In another implementation, the light sources can be illuminated to different levels of brightness to provide differences in properties for the light illuminating the target object. In another implementation, light sources can be illuminated to different frequencies to provide differences in color properties for the light illuminating the target object. In an implementation, scans can be completed using light driven to achieve one set of properties, the resulting image data analyzed, a change in light property can be effected, and then a subsequent scan can be effected using the new light property. In another implementation, light source frequencies can be selected from different portions of the electromagnetic spectrum (e.g., ultraviolet, visible, infrared and/or combinations thereof) to illuminate the target object during scan, thereby providing opportunities to capture additional data.
In a yet further implementation, a method provides for determining distance to an object in space. The method can include receiving at a sensor light defining at least a portion of an object, the light originating from a plurality of light sources directed at different angles and of known geometry. The method can also include determining differences in phase for the light received from at least two of light sources. The method can also include determining a distance to the object based at least in part on the differences in the phase.

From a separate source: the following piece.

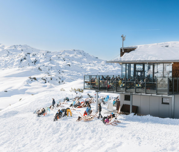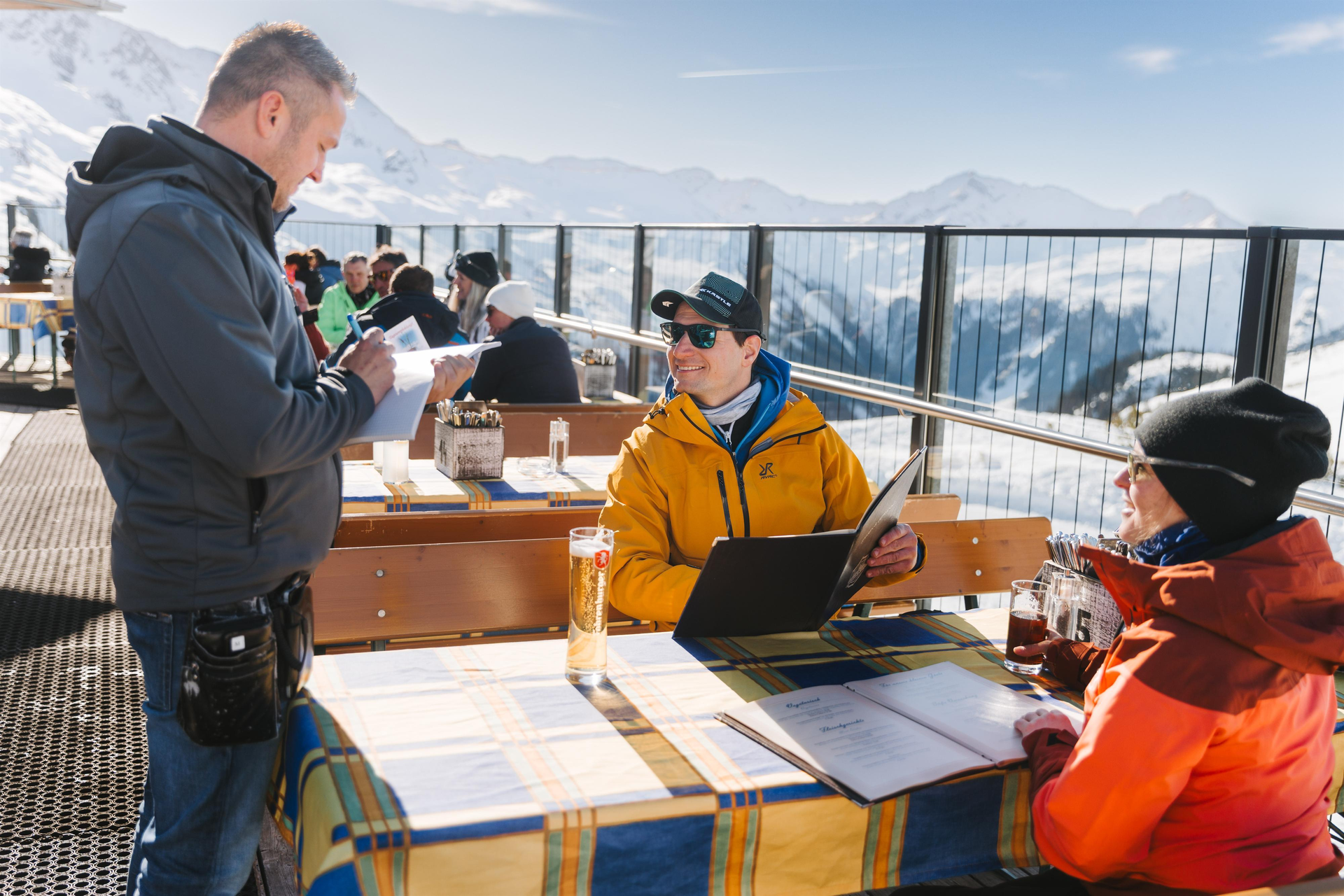Atemberaubend die Aussicht – excellent die Küche! Genieße die Spezialitäten auf höchstem Niveau, begleitet von hervorragenden Weinen. Bei schönem Wetter bedienen wir Dich auch auf der einladenden Sonnenterrasse - ein doppelter Genuss. Das Restaurant ist auch zu Fuß erreichbar und zwar auf dem Winterwanderweg zum Muttjöchle.

In a still yet further implementation, a system provides for determining a distance to an object in space. The system can include a plurality of light sources mounted on surface and directed at different angles. A sensor to capture light transmitted from the plurality of light sources and reflected from an object in a field of view of the sensor can also be part of the system. The system can also include a controller configured to determine differences in phases of the captured light and compute a distance to the object based at least in part on the phases.
In another aspect, implementations incorporating low resolution time-measurement based approaches can be used to conduct a relatively coarse scan of a field of view to locate object(s) and then follow up with a relatively fine-grained scan in a subsection of the field of view in which the object has been located.
In a yet further aspect, a set of illumination sources can be disposed to provide illumination to a field of view such that a plurality of cameras (and/or other sensors based upon light sensitive elements, i.e., pixels) disposed to be able to receive light from the illumination sources can provide image information based upon the changing illumination when different ones of the illumination sources are activated. Differences in light properties (e.g., phase, intensity, wavelengths and/or combinations thereof) from the illumination sources will be detected by each camera (or other sensor) and therefore will appear in each of the images provided by the cameras (or other sensor). Correlating corresponding changes in light properties the different images enables determining correspondence between the pixels in images of the camera(s). Such implementations can provide for improved robustness to techniques for correlating objects viewed by multiple cameras (or other light sensors).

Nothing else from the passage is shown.